**DATA SECTION**

- Opening Delimiter -

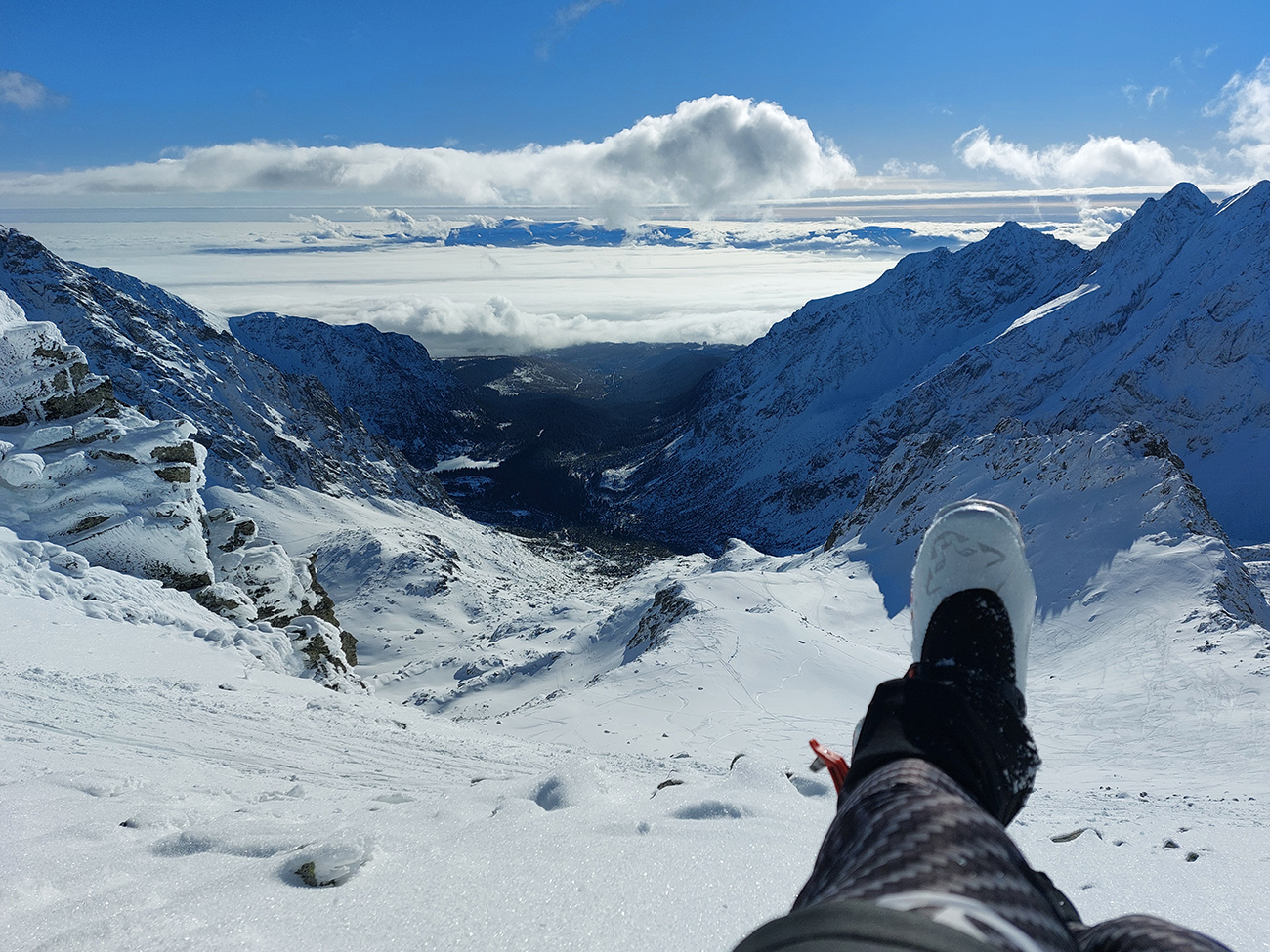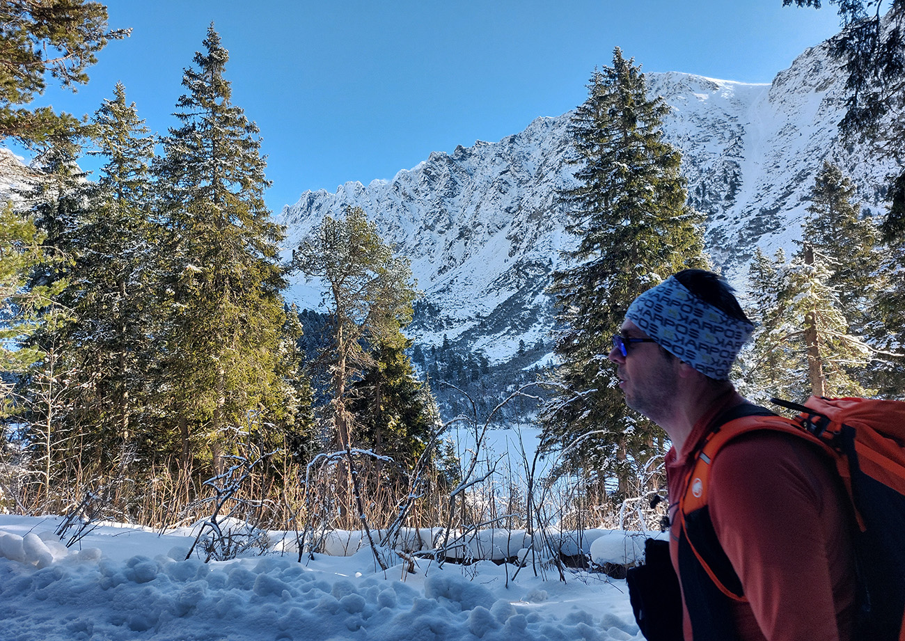 Hore trochu fúkalo, ale nie v závetrí. Tak čajíky a iné pochutiny, medzi nimi najlepšie boli tie výhľady na poľské mravce pod Rysmi a celkovo pohľady do primrznutej jamy s Čiernym plesom a Morským okom:
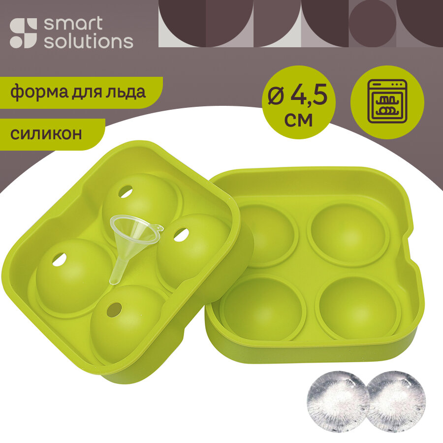 Форма для льда Freeze силиконовая 4 ячейки шар Smart Solutions SS000087 интересное:
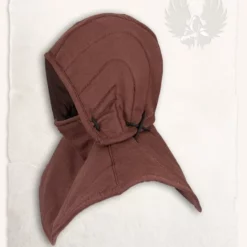 In the Middle Ages, knights and foot soldiers often wore gambeson hoods and collars like this. This hood and collar are made after examples from the Morgan Bible. This gambeson hood and collar can be worn separately as well as under armor and helmets. They can be attached to each other with leather straps. Both are made of rough woven canvas and have a wool felt / polyester padding.

- Closing Delimiter -

**WHAT YOU HAVE TO DO**
Exactly as they stand, set down the lines from the start of the material through the line with "Форма для льда", both ends included, omitting the pictures.

**EXERCISE OUTPUT**
 Hore trochu fúkalo, ale nie v závetrí. Tak čajíky a iné pochutiny, medzi nimi najlepšie boli tie výhľady na poľské mravce pod Rysmi a celkovo pohľady do primrznutej jamy s Čiernym plesom a Morským okom:
 Форма для льда Freeze силиконовая 4 ячейки шар Smart Solutions SS000087 интересное:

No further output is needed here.